**Provided entries:**
*** Begin section ***
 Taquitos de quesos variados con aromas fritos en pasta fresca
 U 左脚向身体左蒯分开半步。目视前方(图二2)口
*** End section ***
*** Begin section ***
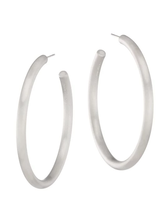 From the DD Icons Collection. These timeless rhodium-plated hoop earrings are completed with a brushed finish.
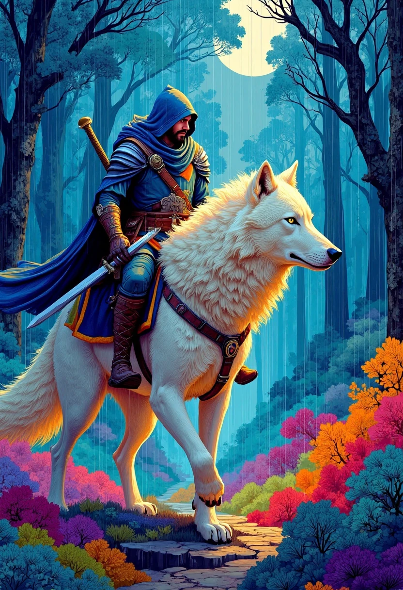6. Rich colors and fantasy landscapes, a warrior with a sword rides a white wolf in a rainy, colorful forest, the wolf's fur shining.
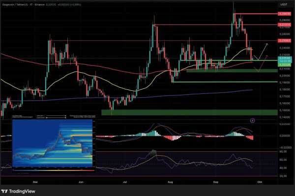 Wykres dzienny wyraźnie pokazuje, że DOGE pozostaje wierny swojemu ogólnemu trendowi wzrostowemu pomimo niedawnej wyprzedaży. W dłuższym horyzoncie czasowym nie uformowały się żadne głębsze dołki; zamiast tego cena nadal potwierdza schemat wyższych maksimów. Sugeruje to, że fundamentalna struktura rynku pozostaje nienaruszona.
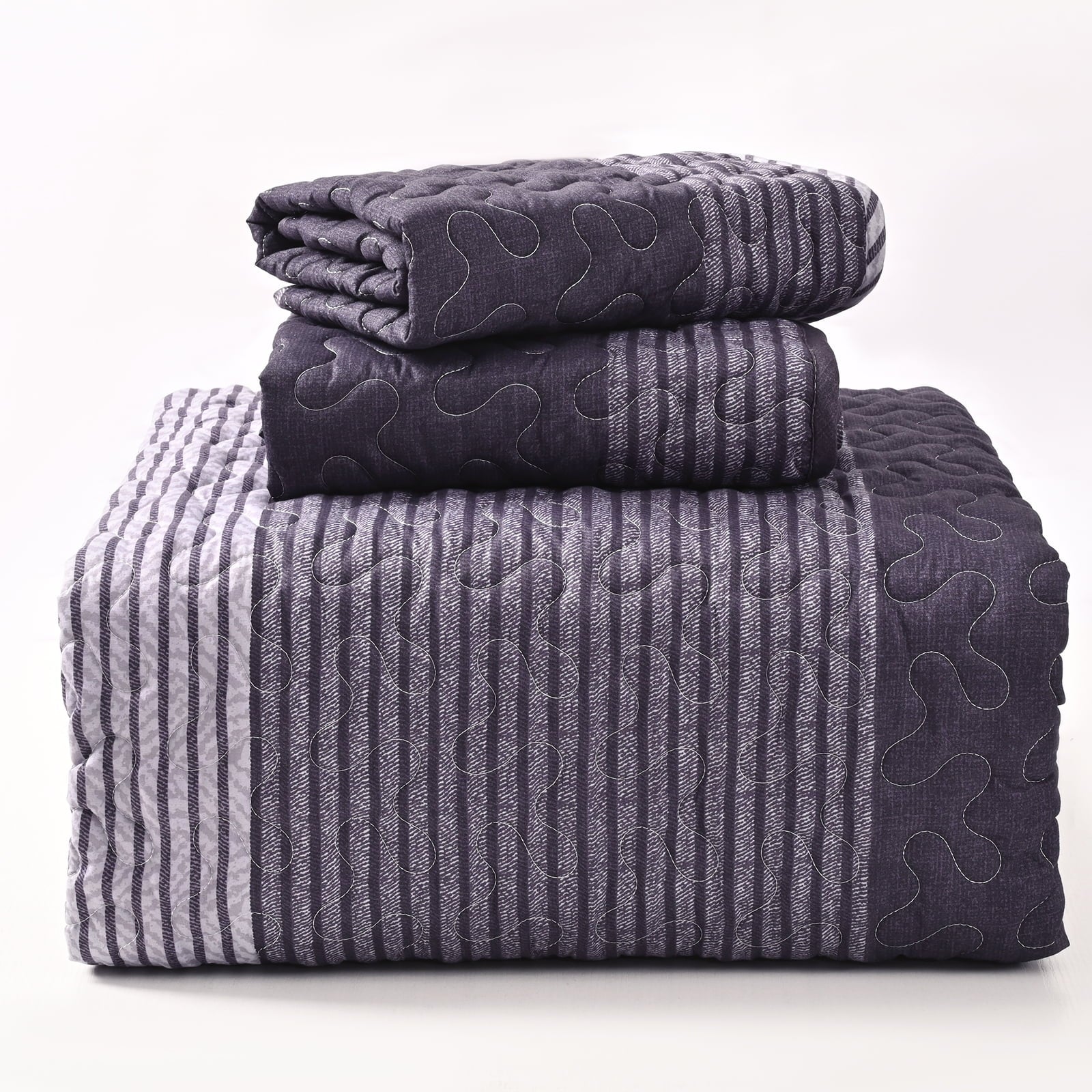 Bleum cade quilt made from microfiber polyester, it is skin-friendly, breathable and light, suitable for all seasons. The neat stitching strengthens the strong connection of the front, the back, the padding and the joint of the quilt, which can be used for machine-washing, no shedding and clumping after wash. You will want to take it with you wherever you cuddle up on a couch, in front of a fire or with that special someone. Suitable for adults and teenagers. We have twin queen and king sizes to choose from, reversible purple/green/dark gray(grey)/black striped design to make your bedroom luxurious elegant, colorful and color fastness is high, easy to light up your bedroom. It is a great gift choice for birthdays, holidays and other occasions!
*** End section ***
*** Begin section ***
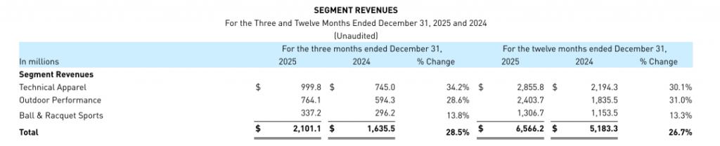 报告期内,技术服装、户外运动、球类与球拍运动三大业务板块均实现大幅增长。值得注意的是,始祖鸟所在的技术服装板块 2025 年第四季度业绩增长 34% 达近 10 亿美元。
*** End section ***
**Problem to solve:** Above are records; repeat only the lines from the line with "Wykres dzienny wyraźnie" through the line with "Bleum cade quilt", and leave pictures out.

**Result of this exercise:**
 Wykres dzienny wyraźnie pokazuje, że DOGE pozostaje wierny swojemu ogólnemu trendowi wzrostowemu pomimo niedawnej wyprzedaży. W dłuższym horyzoncie czasowym nie uformowały się żadne głębsze dołki; zamiast tego cena nadal potwierdza schemat wyższych maksimów. Sugeruje to, że fundamentalna struktura rynku pozostaje nienaruszona.
 Bleum cade quilt made from microfiber polyester, it is skin-friendly, breathable and light, suitable for all seasons. The neat stitching strengthens the strong connection of the front, the back, the padding and the joint of the quilt, which can be used for machine-washing, no shedding and clumping after wash. You will want to take it with you wherever you cuddle up on a couch, in front of a fire or with that special someone. Suitable for adults and teenagers. We have twin queen and king sizes to choose from, reversible purple/green/dark gray(grey)/black striped design to make your bedroom luxurious elegant, colorful and color fastness is high, easy to light up your bedroom. It is a great gift choice for birthdays, holidays and other occasions!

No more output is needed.